**The task**
For this exercise, retype all the data exactly and exclude every image.

**Provided material**
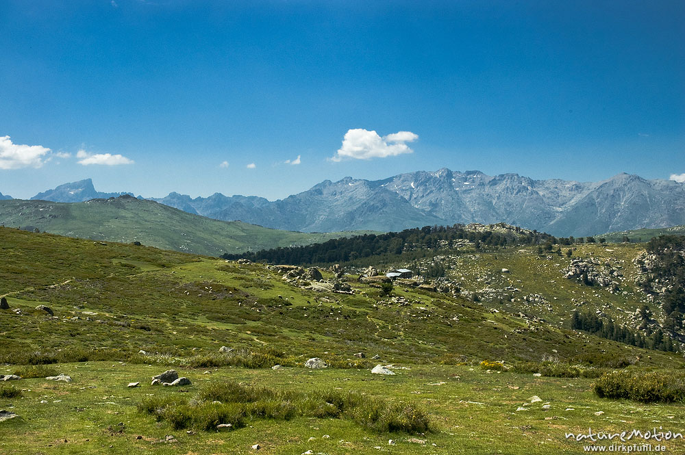 Plateau d'Alzo mit Bergerie de Colleta, Blick auf Paglia Orba und Massiv des Monte Cinto Korsika, Frankreich
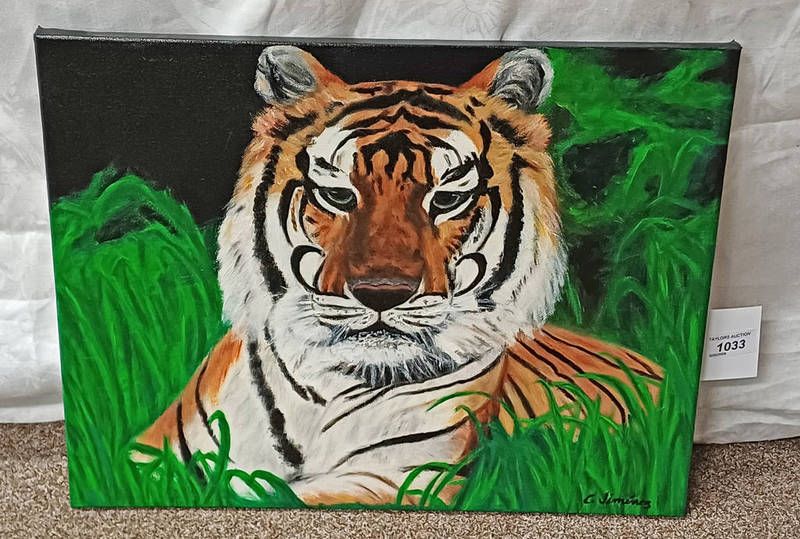 C jiminez, el tigre miron signed, label to reverse unframed oil on canvas 40cm x 50cm
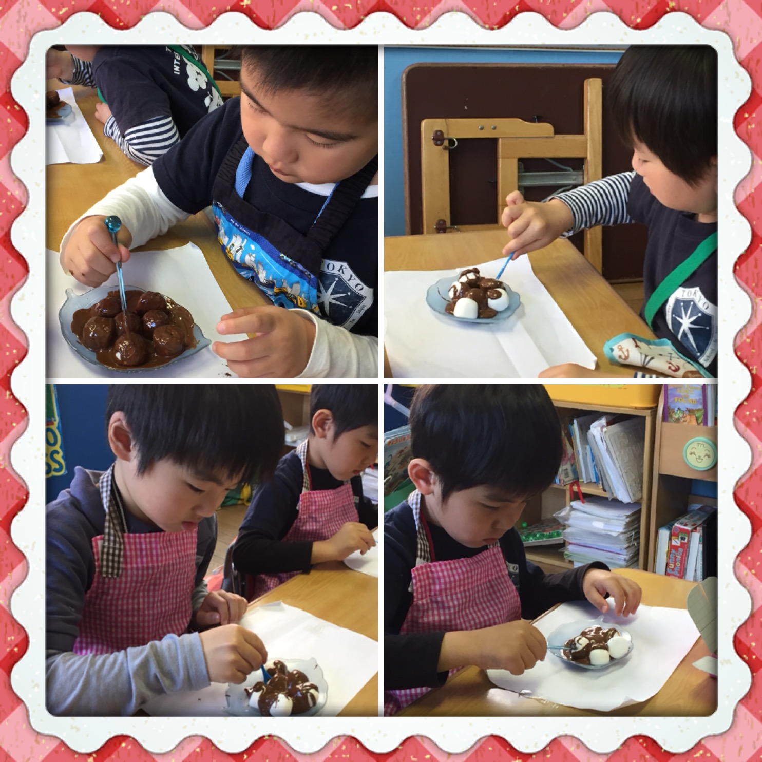 「みんなが大好きな人にプレゼントを作ります。さて、誰に作るでしょう?」と尋ねるとみんなが「マリン君」と応えたので笑ってしまいました(^^)
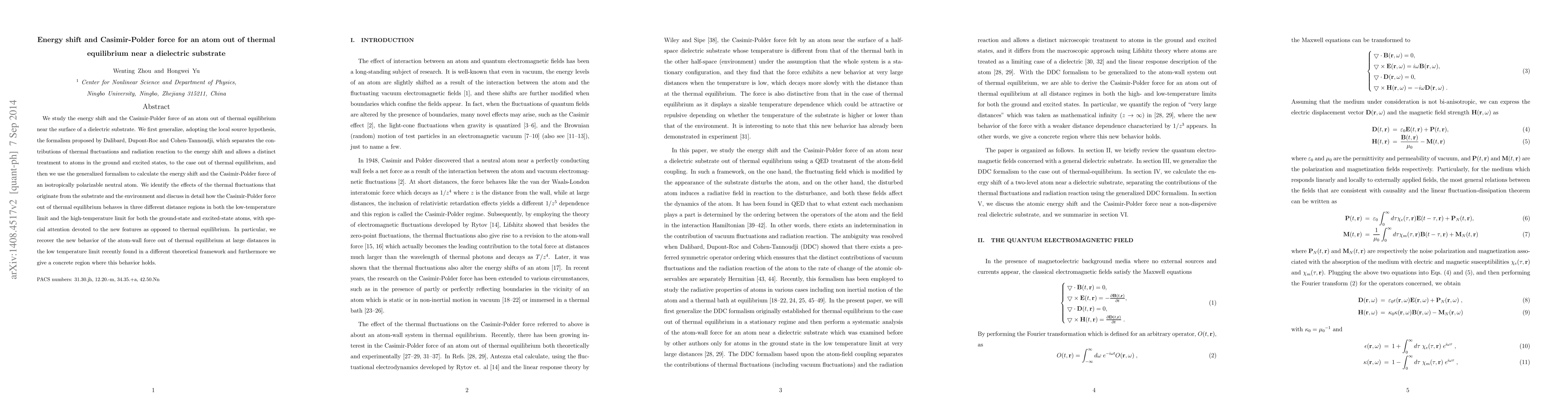 This paper generalizes the Dalibard-Dupont-Roc-Cohen-Tannoudji formalism to study the energy shift and Casimir-Polder force for an atom out of thermal equilibrium near a dielectric substrate, highlighting effects from thermal fluctuations and the behavior in different distance regions and temperature limits. It identifies unique characteristics of the atom-wall interaction outside thermal equilibrium.

**Exercise output**
 Plateau d'Alzo mit Bergerie de Colleta, Blick auf Paglia Orba und Massiv des Monte Cinto Korsika, Frankreich
 C jiminez, el tigre miron signed, label to reverse unframed oil on canvas 40cm x 50cm
 「みんなが大好きな人にプレゼントを作ります。さて、誰に作るでしょう?」と尋ねるとみんなが「マリン君」と応えたので笑ってしまいました(^^)
 This paper generalizes the Dalibard-Dupont-Roc-Cohen-Tannoudji formalism to study the energy shift and Casimir-Polder force for an atom out of thermal equilibrium near a dielectric substrate, highlighting effects from thermal fluctuations and the behavior in different distance regions and temperature limits. It identifies unique characteristics of the atom-wall interaction outside thermal equilibrium.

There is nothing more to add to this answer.